What Cloud Has to Offer to Life Science: Storage

What Cloud Has to Offer to Life Science: Storage

·

5 min read

Introduction

In a previous post, we discussed how using serverless computing can assist life science researchers in analyzing their data in a more efficient and cost-effective manner. It also aids them in deploying their tools in a user-friendly way at lower costs.

In this post, we want to discuss a different cloud service, storage, that can be useful for life scientists. Scientific research typically generates a considerable amount of data from experiment results, which contain valuable information. Storing this data in a maintainable and, more importantly, shareable manner can pose a significant infrastructure challenge. Public clouds like AWS provide exciting options for such use cases. One example is AWS S3 Glacier, optimized for data retrieved infrequently or with latency tolerance, which is the case for many life science datasets.

Overview of the Storage Problem in Life Sciences

Traditionally, researchers tend to run their computational workload on their personal computers or High-Performance Computing (HPC) clusters. The limitation of personal computers is evident for both Storage Capacity and Shareability. On the other hand, HPC, which are data centers specifically designed for scientific workloads, are much better at the storage capacity problem. However, they still need to catch up on shareability, especially the HPCs, which do not provide a file-sharing service.

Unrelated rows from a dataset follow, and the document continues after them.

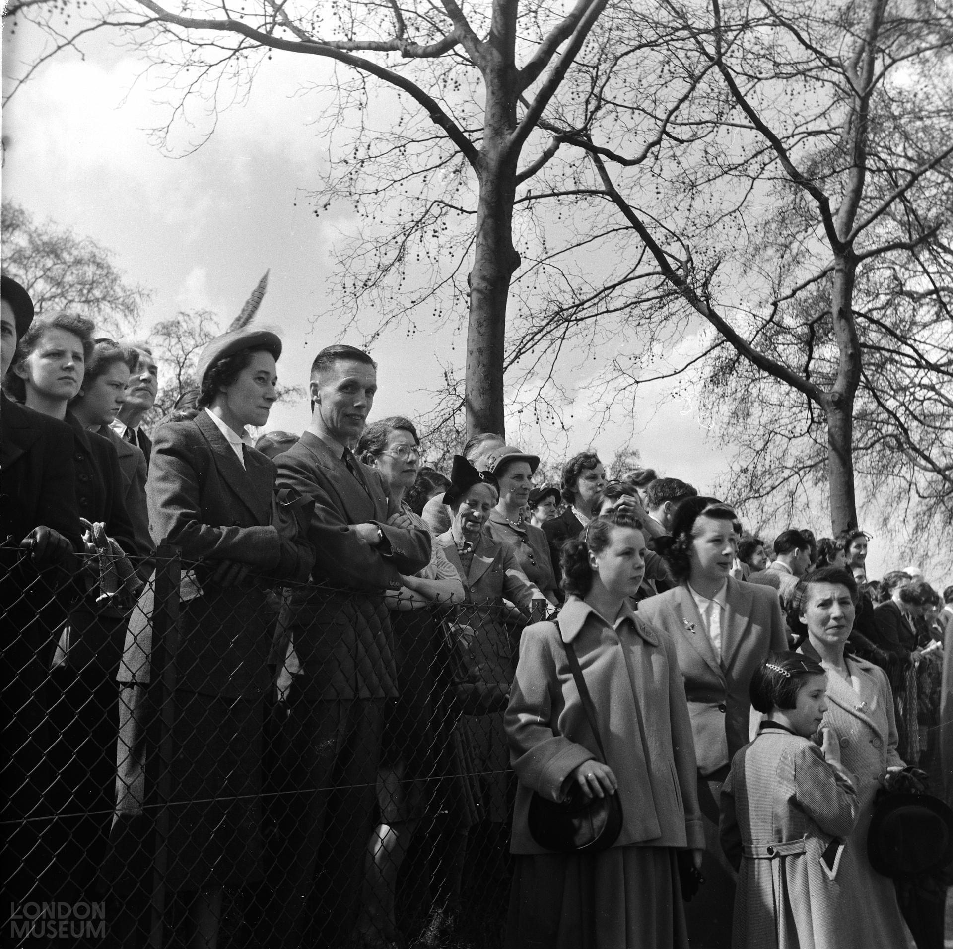 Crowds watch the Easter Parade in Hyde park in April 1952. The weather was glorious for the parade and the Times newspaper reported that temperatures reached 70 degrees. Thousands of people watched the parade and listened to the Irish Guards Band play.
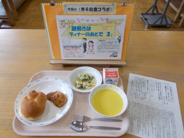 今日は【図書コラボ給食】でした。図書委員の生徒が選んだ本『謎解きはディナーのあとで』とコラボし、かぼちゃのポタージュスープを作りました。
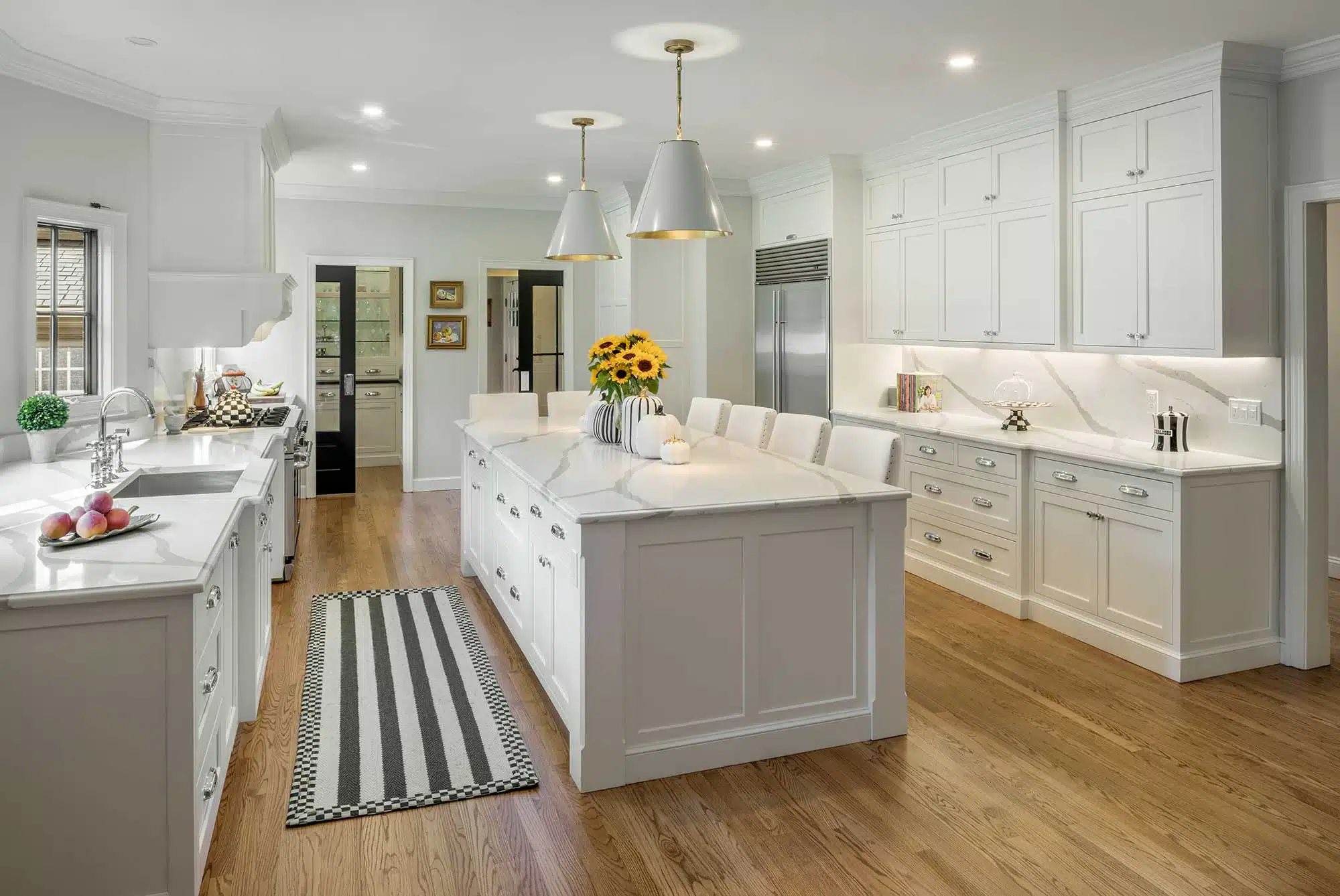 The homeowners had a shared vision: a white, bright, and open kitchen with a massive island as a gathering space. A walk-in pantry to fit all staples and gourmet cookware. They imagined everything adorned with high-end finishes. The design team completely reorganized the layout of the kitchen.
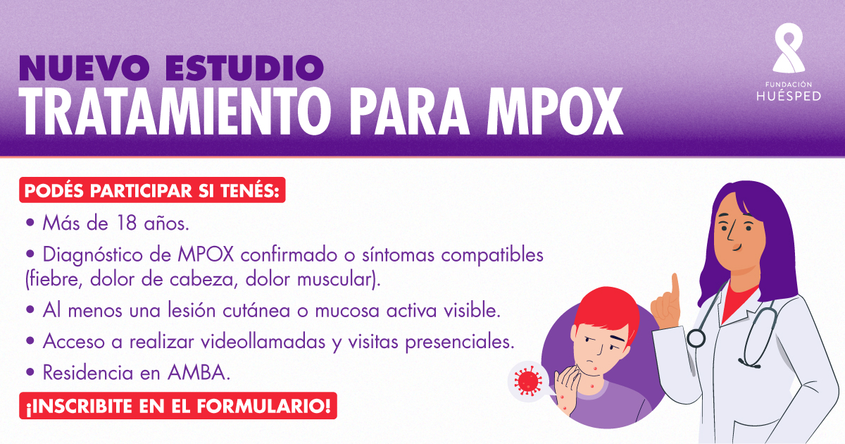 En Fundación Huésped estamos iniciando un estudio para investigar un tratamiento antiviral para MPOX. Queremos probar la eficacia y seguridad de un antiviral llamado Tecovirimat versus placebo en personas con síntomas o diagnóstico confirmado de MPOX Este medicamento ya está aprobado en la Unión Europea y en Estados Unidos, pero no está disponible en nuestro país.
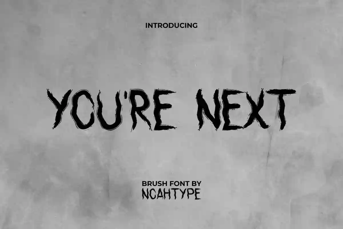 You’re Next Font is a horror creepy brush writing font. Any text that uses this font will have a creepy impression that will be etched in anyone’s memory. This brush font is for anyone who are needing of horror look. This brush font will be awesome for accessories, design graphic, fashion, game, magazine, movie, music, photography, writer, and more!
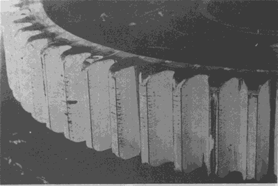 在大齒輪齒頂形成的淬火裂紋(這種裂紋通常都在這個區域出現)。
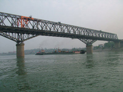 枝城长江大桥位于湖北省宜都县的焦枝铁路线上,为公路铁路两用的连续刚桁梁桥。由中铁大桥局承建。
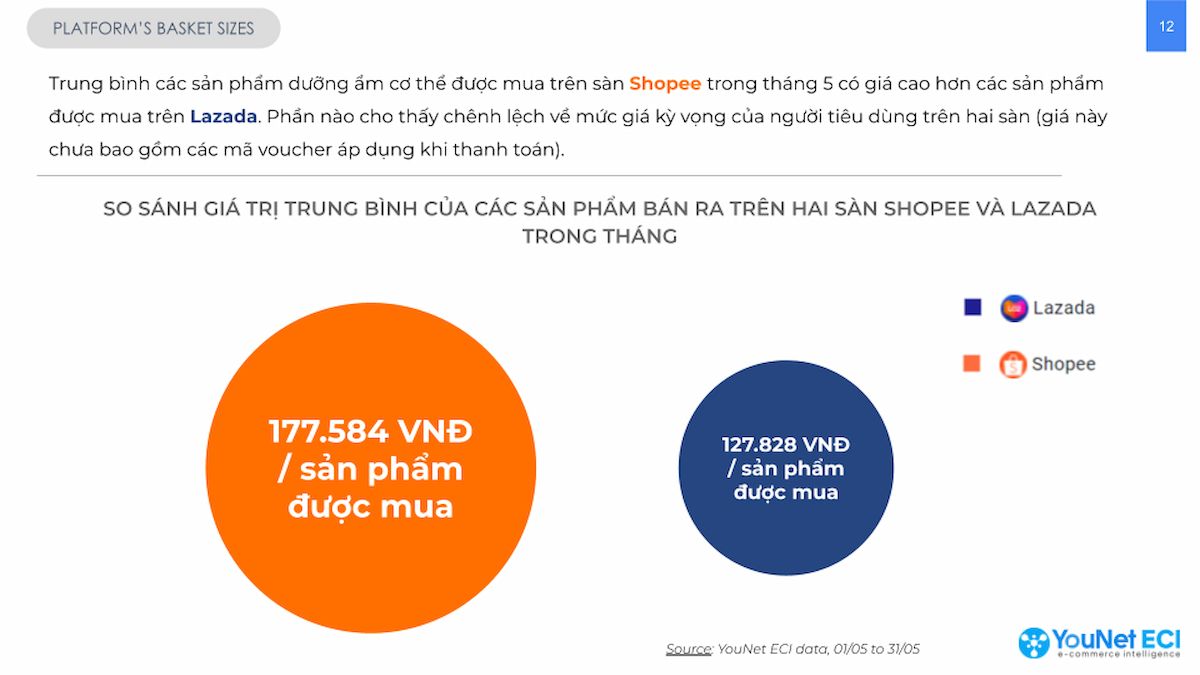 Trung bình các sản phẩm dưỡng thể được người tiêu dùng chọn mua trên Shopee có giá cao hơn các sản phẩm được mua trên Lazada 50.000 đồng. Điều này cho thấy sự chênh lệch về mức giá kỳ vọng của người tiêu dùng khi lựa chọn sản phẩm dưỡng thể trên hai sàn.
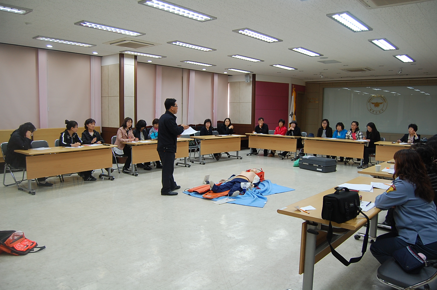 원주소방서(서장. 박창진)는 4.25(월) 10:00-12:00 본서 대회의실에서 제14회 원주시의용소방대연합회 소방기술경연 및 체육대회(5.3 화 10:00-16:00, 원주양궁장) 대비 여성대 응급처치경연대회 경연종목에 대해 설명회를 개최하였습니다.
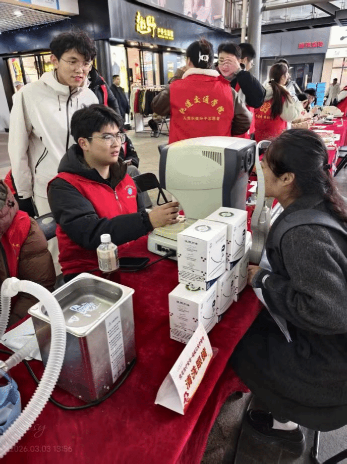 3月3日下午,江宁区文鼎广场举办2026年江宁区“党员为宁宣讲·情暖元宵学雷锋”主题活动,kaiyun官网材料工程学院“光明天使”志愿服务社团受邀参加。该社团以“材艺筑梦”志愿服务队为载体,将专业志愿服务与社会公益服务深度融合,凭借专业的眼健康服务,赢得了现场市民的广泛赞誉。

How Cloud can help: AWS S3 Glacier as a solution

Public cloud comes with almost infinite Storage Capacity and the highest level of shareability since they have data centers worldwide that provide milliseconds latency access to your files. For example, AWS has the Simple Storage Service (S3) for file storage and sharing. In order to use this service, you first create a bucket (think of it as a directory) and put your files (called Object in this context) in it. But here is the exciting part! AWS offers different storage classes that you can choose for your Objects. These storage classes are optimized for different use cases. The table below compares some of these classes:

Storage TypeS3 StandardS3 Glacier Instant RetrievalS3 Glacier Deep Archive
Storage Cost for 1TB/Month23.55 USD4.10 USD1.03 USD
First byte latencymillisecondsmillisecondshours
Retrieval chargeN/A0.03 USD / GB0.02 USD / GB
Minimum storage duration chargeN/A90 days180 days

Note: Data transfer (from S3 to the Internet) costs around 0.05 ~ 0.09 USD per GB!

Here we describe two scenarios that you should go with AWS S3 in your research project:

1. When shareability matters!

Imagine you are collaborating on a project with researchers from other universities (usually from different countries). In such cases, you need to share data for both raw data and results of your experiments with your colleagues, so if you are locked to an HPC that can only be accessed via your university network, it can be very challenging. In this case, AWS S3 Glacier Instant Retrieval can be a good option since the number of downloads is limited, and the file size can be huge.

2. Large files which rarely retrieved but need to be stored for a long time.

It’s common to generate massive amounts of data out of your experiments. These data must be stored somewhere; otherwise, you must delete them to make space for your other experiments. You still need to keep these data since they may be needed during your paper review. In this case, AWS S3 Glacier Deep Archive is the best choice, offering the lowest price when retrieval time latency is not a concern!

Note: As we showed in the previous section, data transfer costs can be high in AWS S3, so for use cases with intense download requirements, you may want to consider free transfer options like LuxProvide.

Conclusion

In conclusion, the advent of cloud storage solutions such as AWS S3 Glacier has made it much easier for life scientists to store and share vast amounts of data generated from their research work. Depending on data shareability and retrieval frequency requirements, different AWS storage classes can be utilized to achieve cost efficiency. While it’s important to consider data transfer costs when choosing a cloud storage provider, the flexibility, global availability, and robustness of these services make them a compelling option for life science research data storage needs.

References :


What is the benefit of using cloud storage for life science researchers?
Cloud storage, such as AWS S3 Glacier, provides almost infinite storage capacity and high share-ability for data, making it easier for researchers to collaborate and access their data globally.
How can AWS S3 Glacier be useful for life science datasets?
AWS S3 Glacier is optimized for data that is infrequently retrieved or with latency tolerance, which aligns well with many life science datasets that may not require frequent access.
Which AWS S3 storage class is suitable for collaborative projects involving large files?
For collaborative projects where shareability is crucial and large files need to be shared, AWS S3 Glacier Instant Retrieval is a good option due to limited downloads and support for huge file sizes.
What storage class should be used for storing large files with minimal retrieval needs over an extended period?
For storing large files that rarely need to be retrieved but must be stored for a long time, AWS S3 Glacier Deep Archive is the most cost-effective choice, offering the lowest price when retrieval latency is not a concern.